Package made by V. Levorato.
This package provides:
- specific Operators for Apache Airflow in order to manage Data Science workflows
- propose a bunch of algorithms and routines complementary to Data Science usual packages
DSbox can be installed from PyPI or by cloning this repo, and adding it to your project path.
pip install ds-box
Two specifics Airflow operators are given here: DataOperator and KubeDataOperator
This operator is able to add input and/or output data during the operator execution. As Airflow operator are stateless, passing simple datasets to be read or written through, for instance, a PythonOperator, needs to write all the code inside the operator to achieve that. With a DataOperator, the only contract you have is to manipulate Pandas dataframe(s) inside the function passed to it. Here is the code structure:
from dsbox.operators.data_operator import DataOperator
my_dag_task = DataOperator(operation_function=my_function,
input_unit=reading_some_csv_unit,
output_unit=writing_some_parquet_unit,
dag=dag, task_id='My_process')
With this example, I just need to define my_function
, the input_unit
and the output_unit
.
from dsbox.operators.data_unit import DataInputFileUnit, DataOutputFileUnit
def my_function(dataframe):
# useless function sorting dataframe by index
return dataframe.sort_index()
reading_some_csv_unit = DataInputFileUnit('path/to/dataset.csv',
pandas_read_function_name='read_csv',
sep=';')
writing_some_parquet_unit = DataOutputFileUnit('path/to/index_sorted_dataset.parquet',
pandas_write_function_name='to_parquet')
Several pre-built DataUnit
are avalaible and you can easily build yours. Some examples gives you a preview of complete dags workflow for data science.
DataGlobalInputUnit
and DataGlobalOutputUnit
can now be used with any dataframe backend API (Pandas, Dask, Vaex, ...) as you define explicitly which function you are using.
Using DataOperator
can lead to some architecture issues: tasks must run on a machine or VM having the airflow worker service, and even if it should be moved to specific instance(s), it can be tricky to set auto-scaling mechanism, and to well manage your ressources.

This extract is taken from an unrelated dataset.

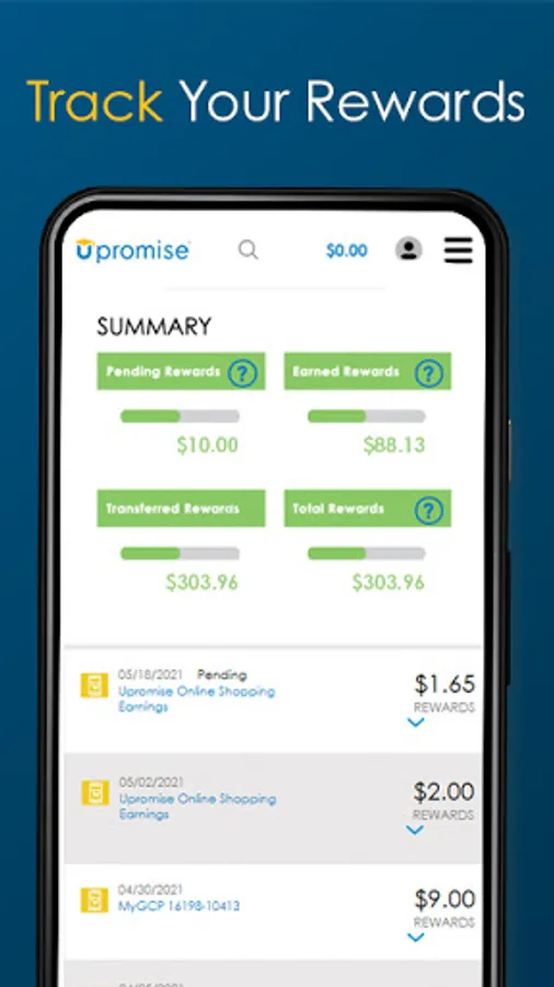 If you're already a Upromise member, you'll want to download the app. Rewards at your fingertips. Track your pending rewards, online store visits, and total rewards balance right from your phone.
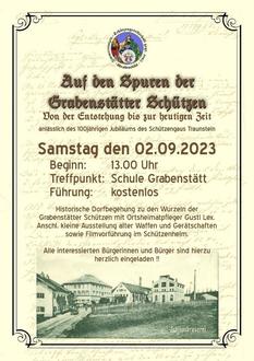 anlässlich des 100jährigen Bestehens des Schützengaus Traunstein, findet unter diesem Motto am Samstag den 2. September 2023 eine Historische Dorfbegehung zu den Wurzeln der Grabenstätter Schützen mit Ortsheimatpfleger Gustl Lex statt.

To avoid that, you can use containers to execute your tasks in a Kubernetes cluster, with the same definition as DataOperator
, using KubeDataOperator
. This operator is based on the KubernetesPodOperator
, and thought for data scientists.
The difference is that the operation definition is made in a YAML description file, and all you have to do is call the definition with this operator. It takes also all the Kubernetes configuration in one parameter (could be done with **kwargs
but explicit is better). Same example as above with KDO:
from dsbox.operators.kube_data_operator import KubeDataOperator
my_dag_task = KubeDataOperator(operation='My_process',
kube_conf=build_kpo_config(),
dag=dag)
The build_kpo_config()
function should be defined based on the project specificity and should explicitly set the cmds
and arguments
parameters needed by the underlying KubernetesPodOperator
, in addition to the cluster configuration parameters. The cmds
should call a function which will execute the task by using a class called Dataoperations
containing all the datasets definitions with data units and operation functions. Example of a function called by cmds
:
from dsbox.kube.data_operations import Dataoperations
def my_run_function(operation_name, data_root_path, data_operations_file_path):
project_data_ops = Dataoperations(path=data_root_path)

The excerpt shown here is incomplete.